Change Order-Form

A change order is a document that changes the scope of work in the contract. It can add items to the scope of work, or reduce it.

What information is each section asking for?

At the top of your G701 form, you’ll see the section asking for project information. 

  • “Project”: the name of the project and the address or parcel number.
  • “Contract for”: descriptions of the work, materials, or services you are providing to the project, including the date that the contract began. 
  • “Change order information”: the change order number and the date of the change order. For example, if this is the first change order on this contract, put down 001. 
  • “Owner”: the name and address of the project owner.
  • “Architect”: the name and address of the project architect.
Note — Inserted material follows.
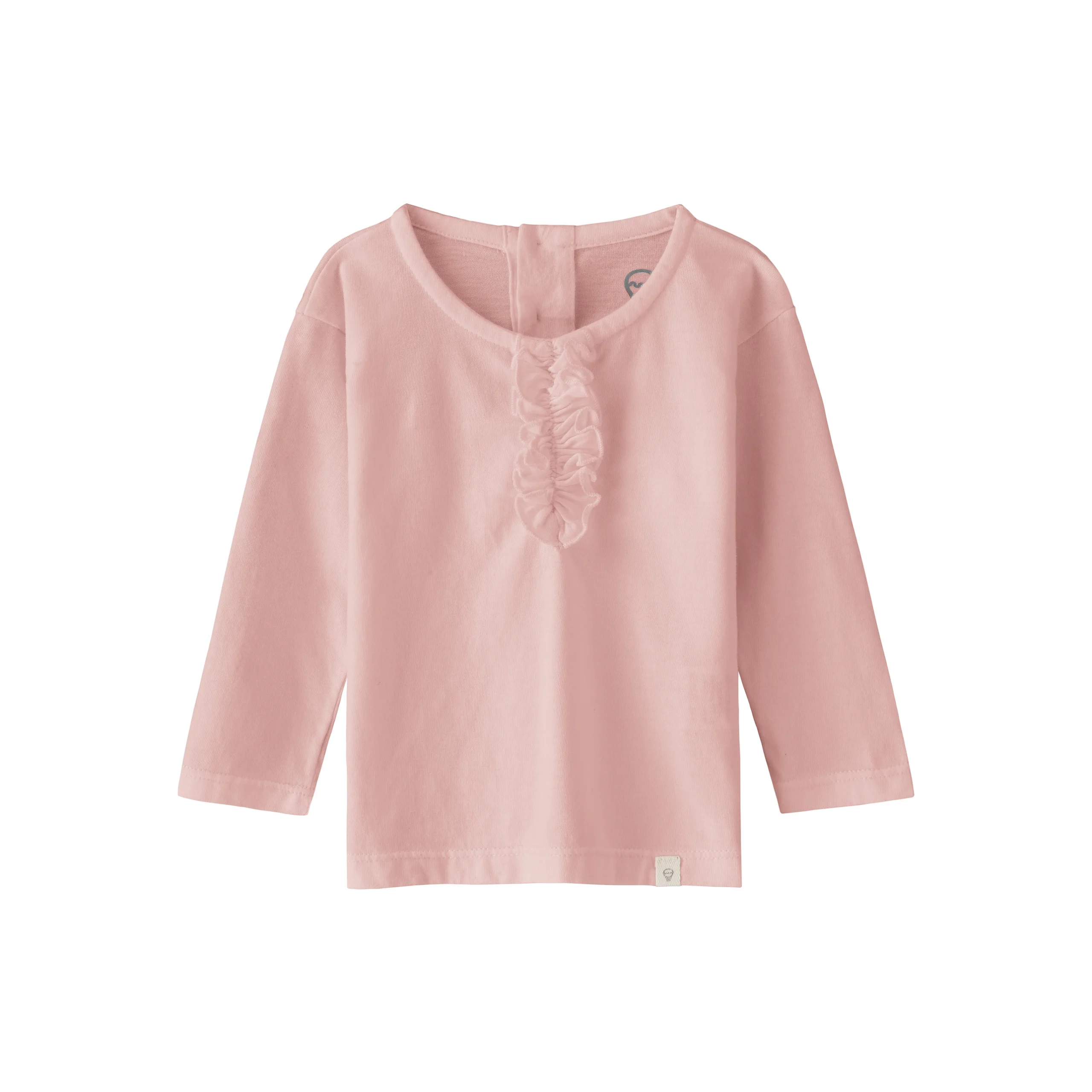 REMERA MANGAS LARGAS CON CARTERA Y BOTONES EN ESCOTE TRASERO. DELANTERO CON JABOT. JERSEY DE ALGODON 100%

If an architect is not part of the project, this might be the GC or project manager. 
  • “Contractor”: your name and address under “contractor.”

The next section of the AIA G701 Change Order form begins with “THE CONTRACT IS CHANGED AS FOLLOWS.” This is where you should describe all of the changes to the original contract. Make sure to include all of the details of the proposed changes, and the cost of each change. It’s important to be specific in case a payment dispute arises later concerning the details of the work

The next section will provide all of the previous accounting values, and how the change in work will affect the contract price.  For the purpose of this video, we’ll assume you’re using lump sum. 

  • “The original Contract Sum/GMP”: the original contract amount for the work. This number will be the same throughout the project, no matter how many change orders you write.
  • “Net change by previously authorized Change Orders”: if this is the first change order on the project, this value will be 0.  If it’s the second change order or after, then this field will be the total value of the previous changes. This can be either a positive or negative change, as some change orders are deductive change orders. 
  • “The contract sum prior to this Change Order”:  to get the right figure, simply add the two lines above this one. This figure is the total of the original contract sum and the net change by previously authorized change orders. 
  • “The Contract Sum will be increased, decreased, or unchanged by this Change Order in the amount of ___”:  This is where the total cost of the current change order is written. This should match the price that the owner or architect agreed upon for the change.  
  • “The new Contract Sum/GMP including this change order”: add up the two previous lines, or subtract them if the change order decreases costs. This is the new total contract sum after accounting for the current change order.
  • “Contract Time will be increased, decreased, or unchanged by ____ days”: add how the change order will affect the performance time, in the number of days. 
  • “New date of Substantial Completion”: once you determine the number of days that will be affected by the change order, add or subtract that from your contract’s date of substantial completion. This is the new date you expect to finish the work by. 

Who should sign the AIA G701 Change Order form?

  • Finally, get it signed. A change order is basically an amendment to the original contract, so it should be signed by all of the relevant parties. It requires signatures from the contractor agreeing to the changes, and the owner and architect ordering the changes.

Also, for record-keeping purposes, the AIA G701 should also be printed out and signed three times. That way each party has an original, executed copy to clarify any issue that can potentially come up later on in the project.